Unser Rundgang führte entlang der Promenade der Wild- und Strauchrosen, dem Weinberg am Schwedenturm. Unsere Reisezeit September bescherte uns die ganze Pracht verschiedenster Dahlienarten hier trotz der Vielfalt dekorativ im Park eingefügt im Gegensatz zum ebenfalls sehenswerten, aber riesigen Dahliengarten in Hamburg. Manch einer von uns bedauerte die alljährliche Praxis, dass alle Dahlienzwiebeln im Herbst auf den Kompost wandern.

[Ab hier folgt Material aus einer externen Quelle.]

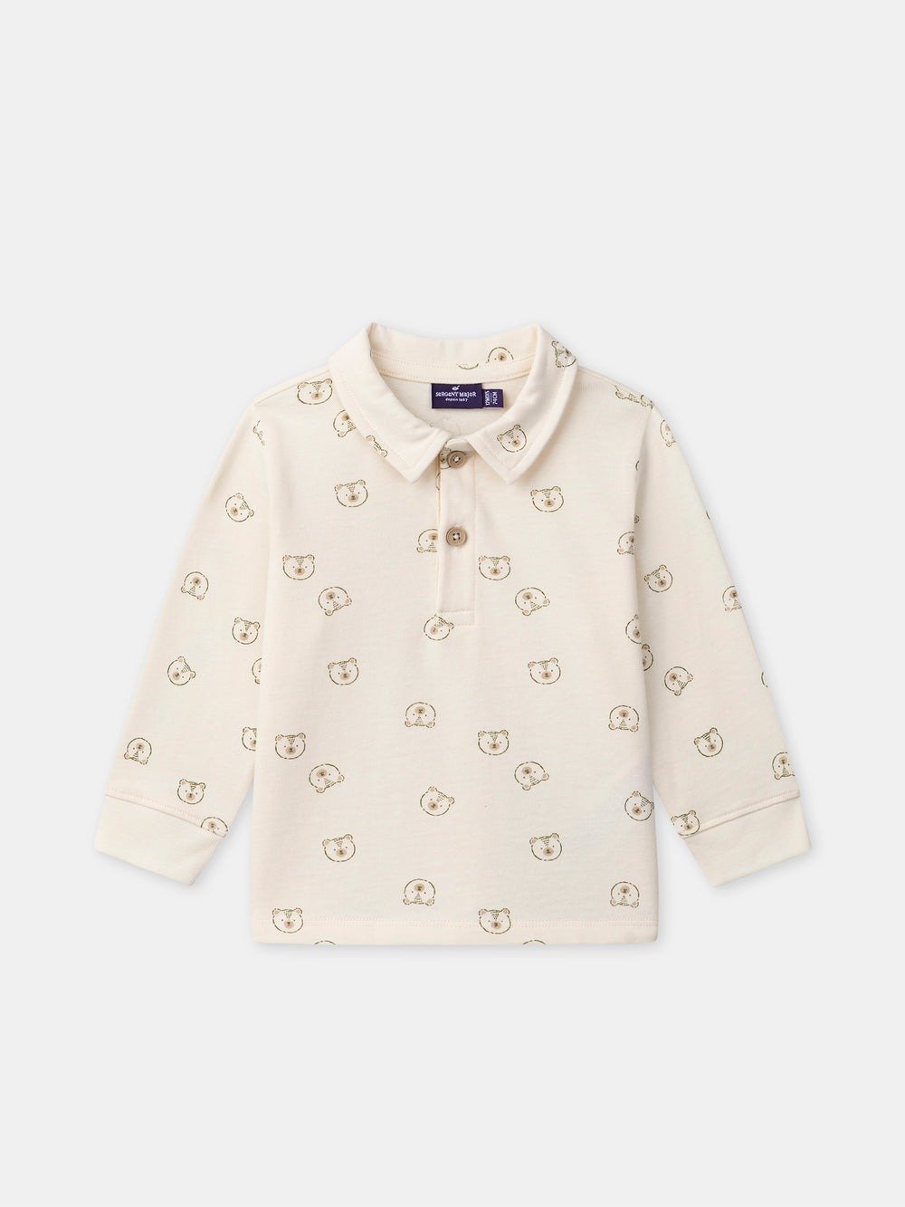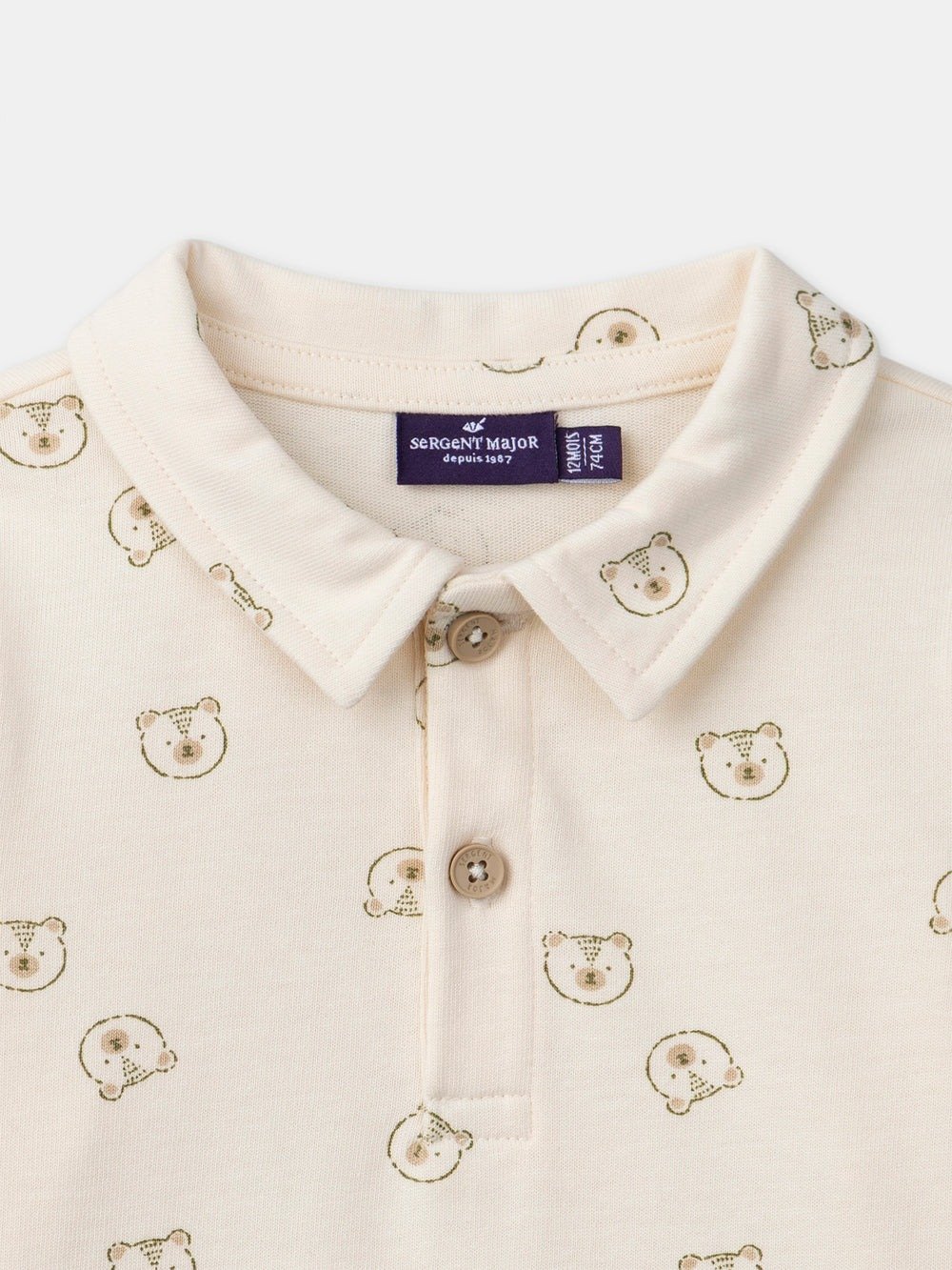 For a cheerful child, perfect for spring. The jersey and buttoned collar structure the silhouette. The teddy bear prints add a playful touch.
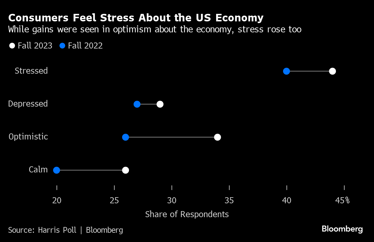 (Bloomberg) -- Despite roaring growth and a resilient job market, more middle-class Americans are worried about the state of the economy than a year ago, a Harris Poll for Bloomberg News has found.
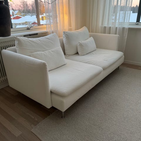 Söderhamn, 1-sitssektion i gunnared begie. Köpt ny pris 3395kr. Ca 2 år gammal. Säljer på grund av flytt. Fint skick lite skadad klädsel (vgs bild 3-4) då katten har varit på den lite, perfekt för dig som har katt! Utöver mycket bra skick! Kan hämtas tidigast 17/1 januari. Söderhamns 1-sitssektion säljs för utan sittpuffen på sista bilden för 1100kr
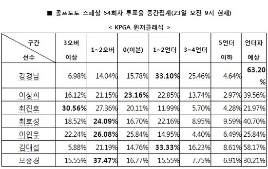 9월에 열린 '동부화재 프로미 오픈'에 이어 '코오롱 제55회 한국오픈'에서 우승을 차지하며 최근 절정의 감각을 과시하고 있는 김대섭의 언더파 예상이 58.17%로 집계돼 강경남의 뒤를 이었다. 반면 최호성(40.70%), 이상희(39.56%), 모중경(30.21%), 이인우(25.84%)의 언더파 예상은 비교적 낮게 나타났다.
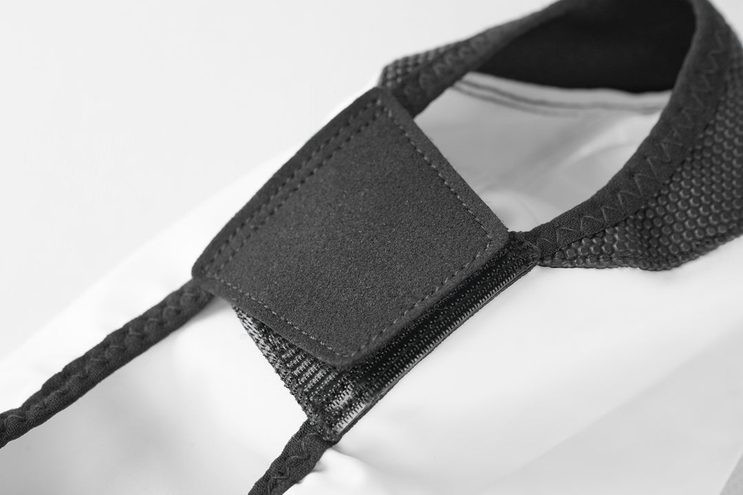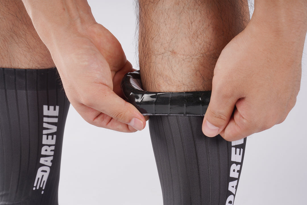 The overshoe features aerodynamic striped fabric on the shaft section to improve airflow around the leg, and non-slip silicone grippers on the cuffs keep the overshoe in place for optimal aerodynamic performance.

Vorbei ging es am kleinen Tierpark mit Zwergponys, kleinen Eseln, an einem einfallsreich gebauten Kinderspielplatz und einem Kräutergarten. Ein weiteres Fotomotiv war die mit Blumen farbenfroh dekorierte und im italienischen Stil gebaute Wassertreppe, von deren oberem Ende wir einen herrlichen Blick über einen Teil des Parks auf den Bodensee hatten. Immerhin sind 65 Gärtner damit beschäftigt, das alles zu pflegen und einige Bereiche immer wieder neu anzulegen.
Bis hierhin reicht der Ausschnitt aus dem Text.